▸ Materials provided:
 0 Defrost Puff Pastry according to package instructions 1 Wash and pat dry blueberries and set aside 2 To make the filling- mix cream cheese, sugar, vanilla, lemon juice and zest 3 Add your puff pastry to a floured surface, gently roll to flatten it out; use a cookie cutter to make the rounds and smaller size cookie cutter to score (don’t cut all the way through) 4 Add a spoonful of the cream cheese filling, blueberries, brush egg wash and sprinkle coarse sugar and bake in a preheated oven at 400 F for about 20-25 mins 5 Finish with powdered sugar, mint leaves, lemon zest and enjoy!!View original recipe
...
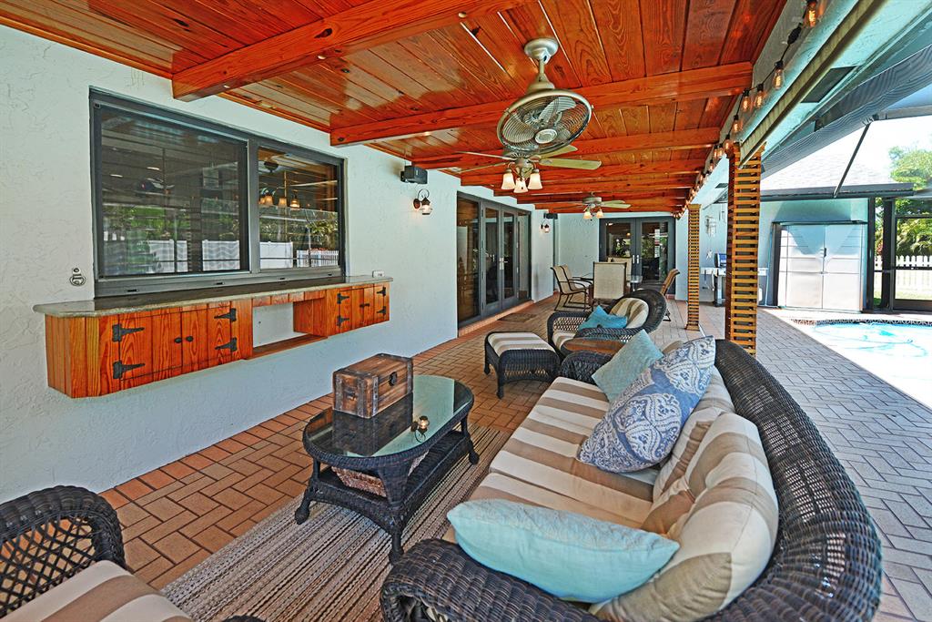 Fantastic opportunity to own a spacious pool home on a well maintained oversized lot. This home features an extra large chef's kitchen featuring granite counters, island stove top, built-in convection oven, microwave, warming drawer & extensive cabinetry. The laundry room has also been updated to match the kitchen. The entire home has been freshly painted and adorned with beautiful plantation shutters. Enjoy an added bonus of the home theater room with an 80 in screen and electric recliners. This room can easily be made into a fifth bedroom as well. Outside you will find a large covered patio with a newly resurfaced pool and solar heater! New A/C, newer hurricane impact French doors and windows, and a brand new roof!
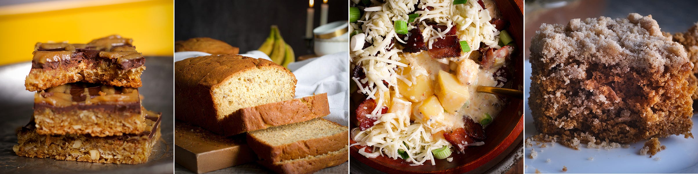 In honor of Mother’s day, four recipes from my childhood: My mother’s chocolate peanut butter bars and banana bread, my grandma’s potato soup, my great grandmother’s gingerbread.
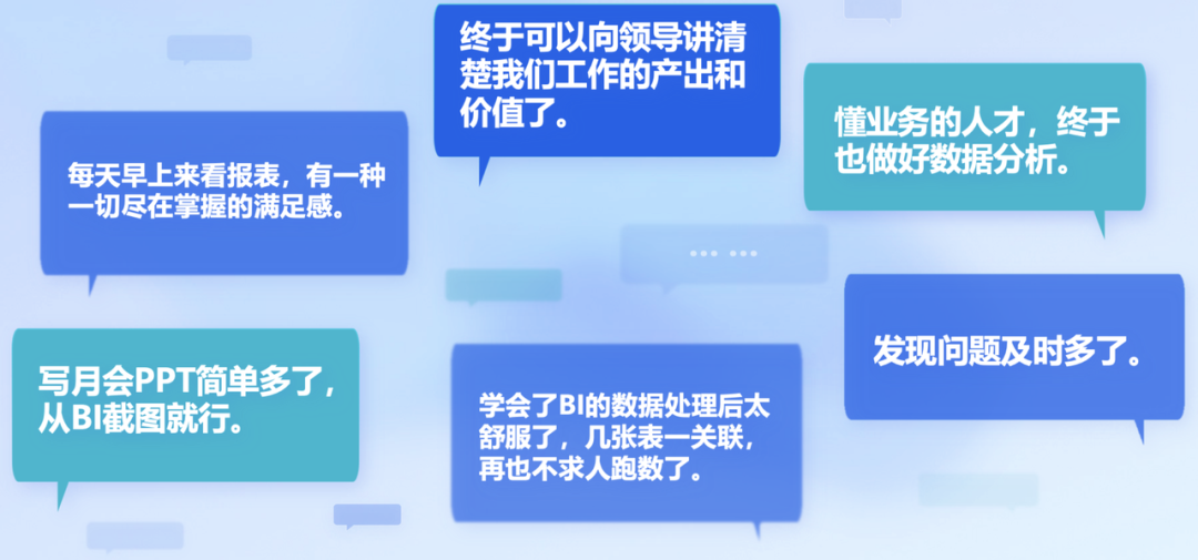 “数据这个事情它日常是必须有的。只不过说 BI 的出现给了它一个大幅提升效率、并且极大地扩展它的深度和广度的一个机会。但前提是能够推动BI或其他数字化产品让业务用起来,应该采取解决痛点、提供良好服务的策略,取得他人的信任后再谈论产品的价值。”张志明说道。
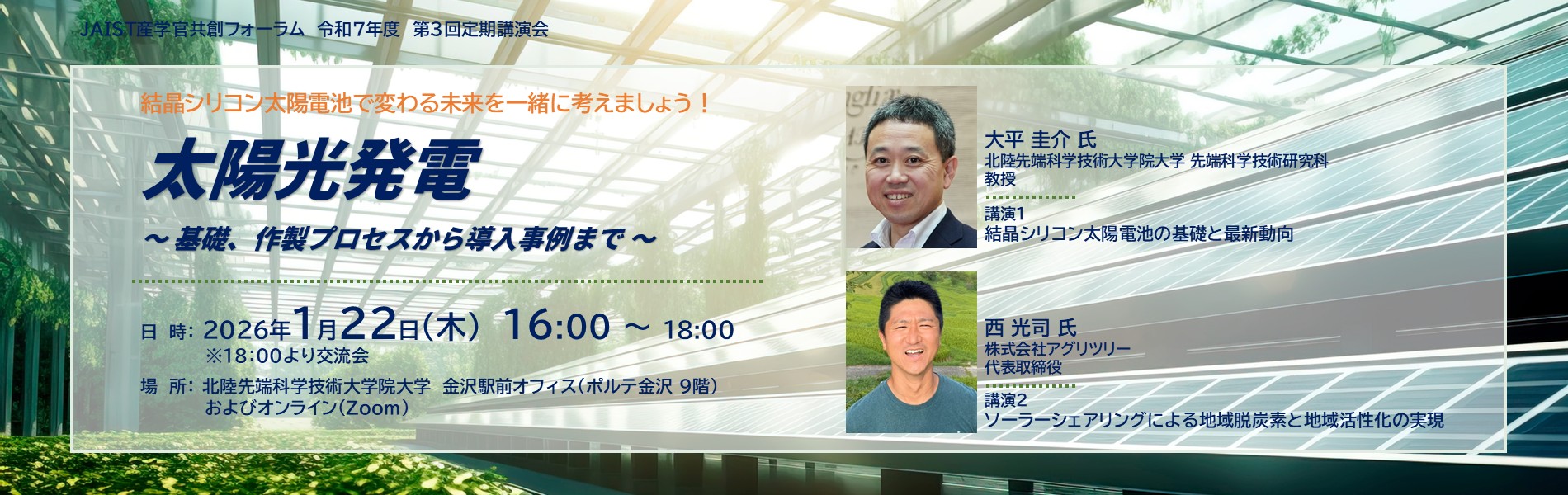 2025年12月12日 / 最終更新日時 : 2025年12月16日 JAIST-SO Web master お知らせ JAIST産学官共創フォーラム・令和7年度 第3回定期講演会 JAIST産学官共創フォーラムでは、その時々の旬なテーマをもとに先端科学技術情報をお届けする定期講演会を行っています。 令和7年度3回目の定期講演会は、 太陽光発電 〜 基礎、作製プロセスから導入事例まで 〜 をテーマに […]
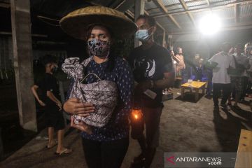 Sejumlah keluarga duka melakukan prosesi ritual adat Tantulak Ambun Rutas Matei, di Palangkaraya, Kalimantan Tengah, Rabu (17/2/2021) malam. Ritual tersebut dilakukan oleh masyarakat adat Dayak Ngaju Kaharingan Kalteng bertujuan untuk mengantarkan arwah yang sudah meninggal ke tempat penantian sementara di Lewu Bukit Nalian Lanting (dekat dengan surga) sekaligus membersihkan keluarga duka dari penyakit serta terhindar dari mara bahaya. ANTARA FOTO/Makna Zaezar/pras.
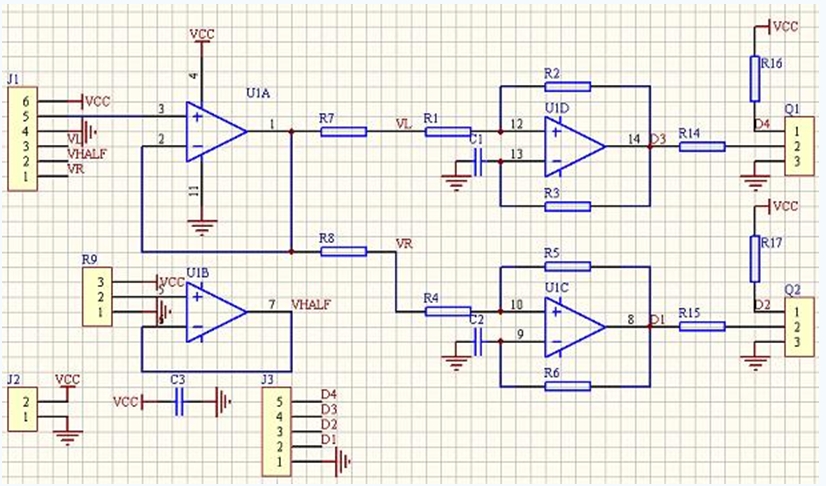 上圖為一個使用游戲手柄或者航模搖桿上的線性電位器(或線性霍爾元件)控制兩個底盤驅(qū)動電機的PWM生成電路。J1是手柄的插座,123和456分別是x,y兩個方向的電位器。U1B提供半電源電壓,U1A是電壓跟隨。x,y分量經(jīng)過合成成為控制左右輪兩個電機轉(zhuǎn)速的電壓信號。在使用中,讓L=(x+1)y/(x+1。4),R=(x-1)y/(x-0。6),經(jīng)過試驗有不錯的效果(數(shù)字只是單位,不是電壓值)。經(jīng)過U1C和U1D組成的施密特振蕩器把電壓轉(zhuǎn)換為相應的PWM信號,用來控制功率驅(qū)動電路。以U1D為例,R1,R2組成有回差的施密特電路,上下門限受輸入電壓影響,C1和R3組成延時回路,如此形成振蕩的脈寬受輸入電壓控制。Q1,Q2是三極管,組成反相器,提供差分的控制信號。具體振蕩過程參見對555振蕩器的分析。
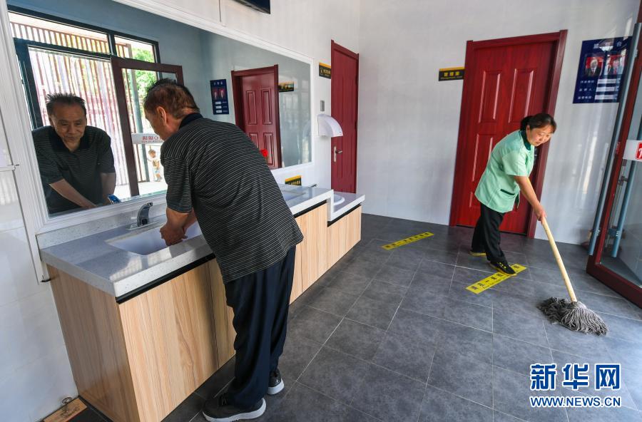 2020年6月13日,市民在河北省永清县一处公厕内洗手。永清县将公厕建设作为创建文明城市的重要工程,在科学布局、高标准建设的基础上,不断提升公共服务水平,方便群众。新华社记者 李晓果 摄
---
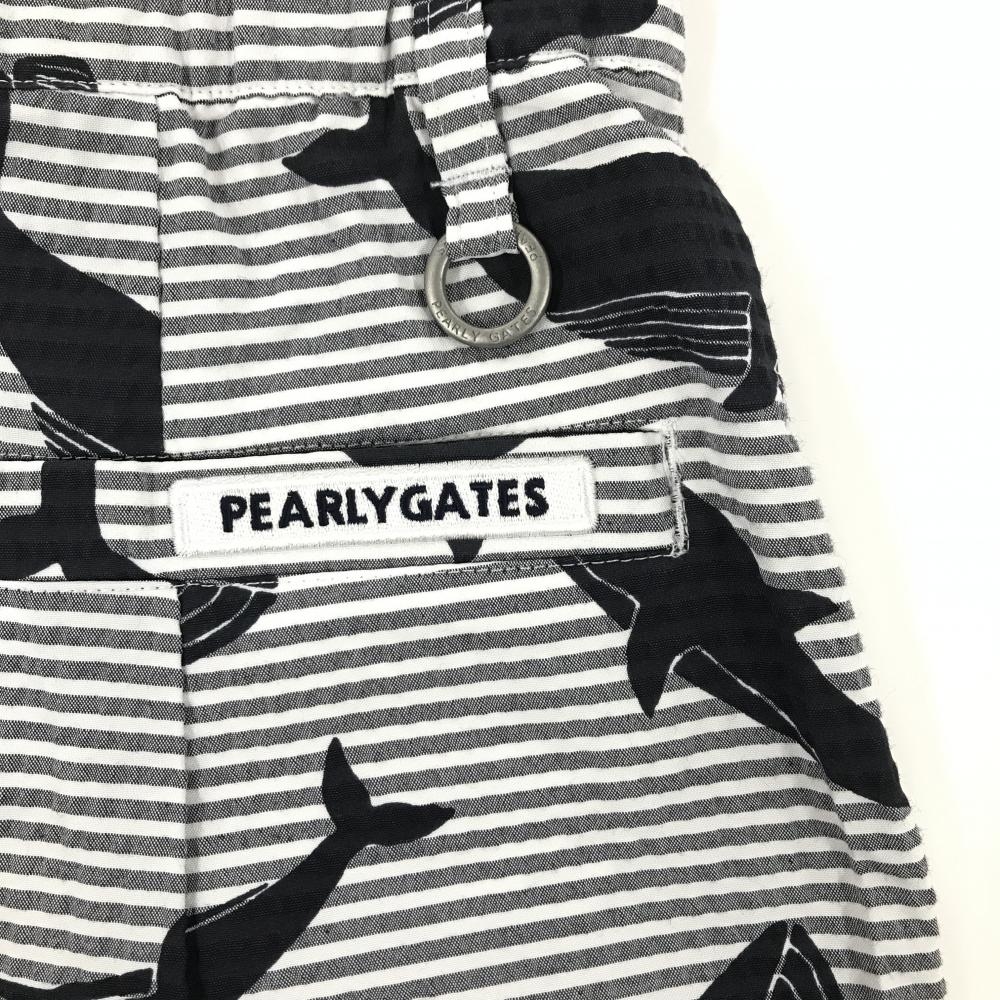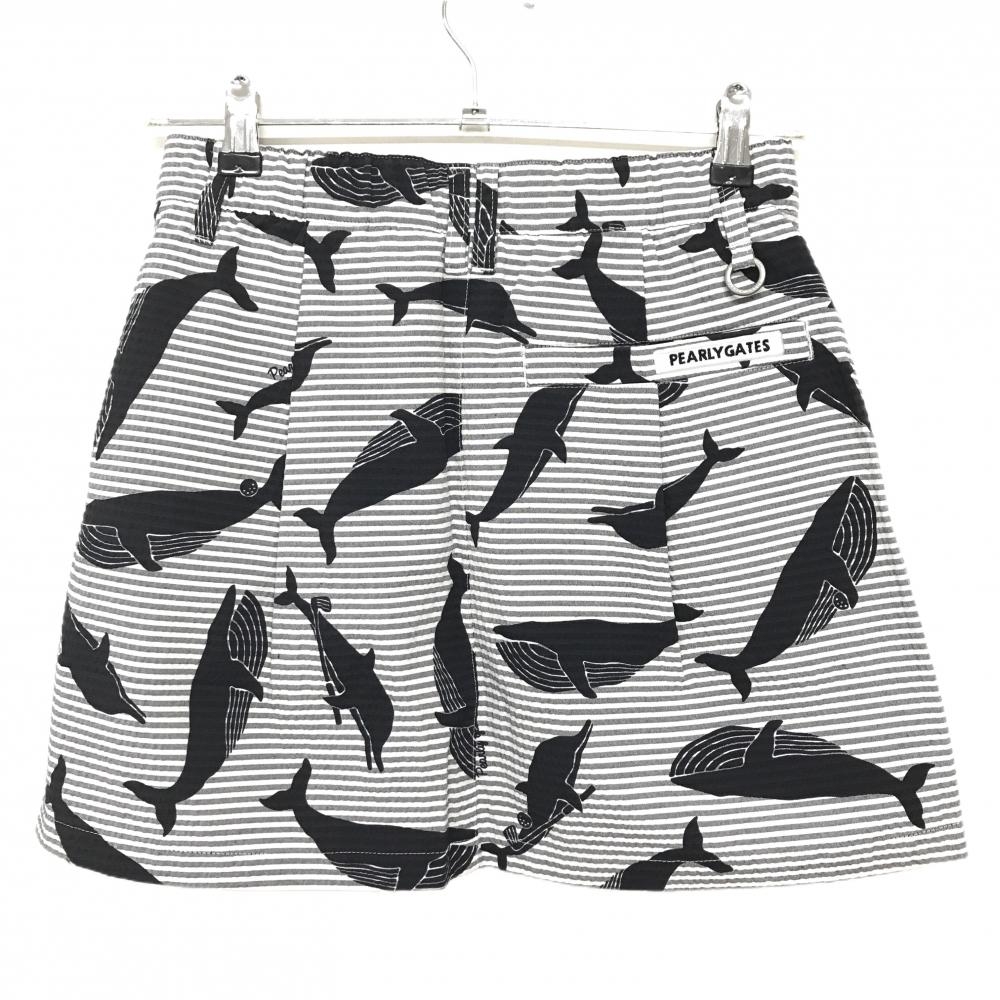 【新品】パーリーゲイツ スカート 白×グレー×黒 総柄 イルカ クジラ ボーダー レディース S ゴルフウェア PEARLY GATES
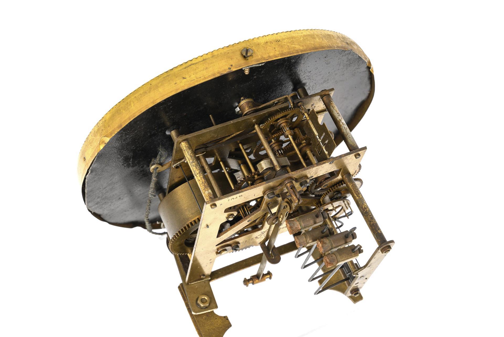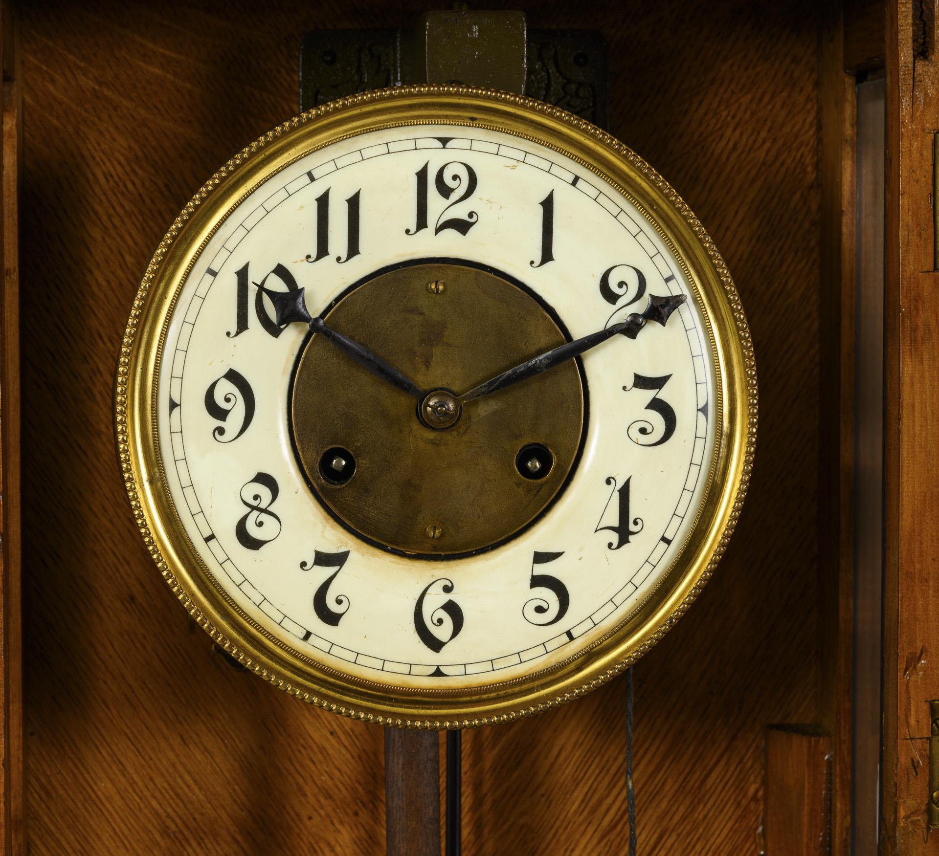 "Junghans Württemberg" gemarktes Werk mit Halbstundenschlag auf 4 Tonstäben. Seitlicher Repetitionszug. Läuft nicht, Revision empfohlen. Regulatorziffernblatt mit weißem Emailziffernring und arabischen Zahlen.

▸ What you are asked to do: Output exactly the stretch of the listing that begins at the line containing "2025年12月12日 / 最終更新日時" and ends at the line containing "Sejumlah keluarga duka", both kept. Omit pictures and everything else.

▸ Exercise output:
 2025年12月12日 / 最終更新日時 : 2025年12月16日 JAIST-SO Web master お知らせ JAIST産学官共創フォーラム・令和7年度 第3回定期講演会 JAIST産学官共創フォーラムでは、その時々の旬なテーマをもとに先端科学技術情報をお届けする定期講演会を行っています。 令和7年度3回目の定期講演会は、 太陽光発電 〜 基礎、作製プロセスから導入事例まで 〜 をテーマに […]
 Sejumlah keluarga duka melakukan prosesi ritual adat Tantulak Ambun Rutas Matei, di Palangkaraya, Kalimantan Tengah, Rabu (17/2/2021) malam. Ritual tersebut dilakukan oleh masyarakat adat Dayak Ngaju Kaharingan Kalteng bertujuan untuk mengantarkan arwah yang sudah meninggal ke tempat penantian sementara di Lewu Bukit Nalian Lanting (dekat dengan surga) sekaligus membersihkan keluarga duka dari penyakit serta terhindar dari mara bahaya. ANTARA FOTO/Makna Zaezar/pras.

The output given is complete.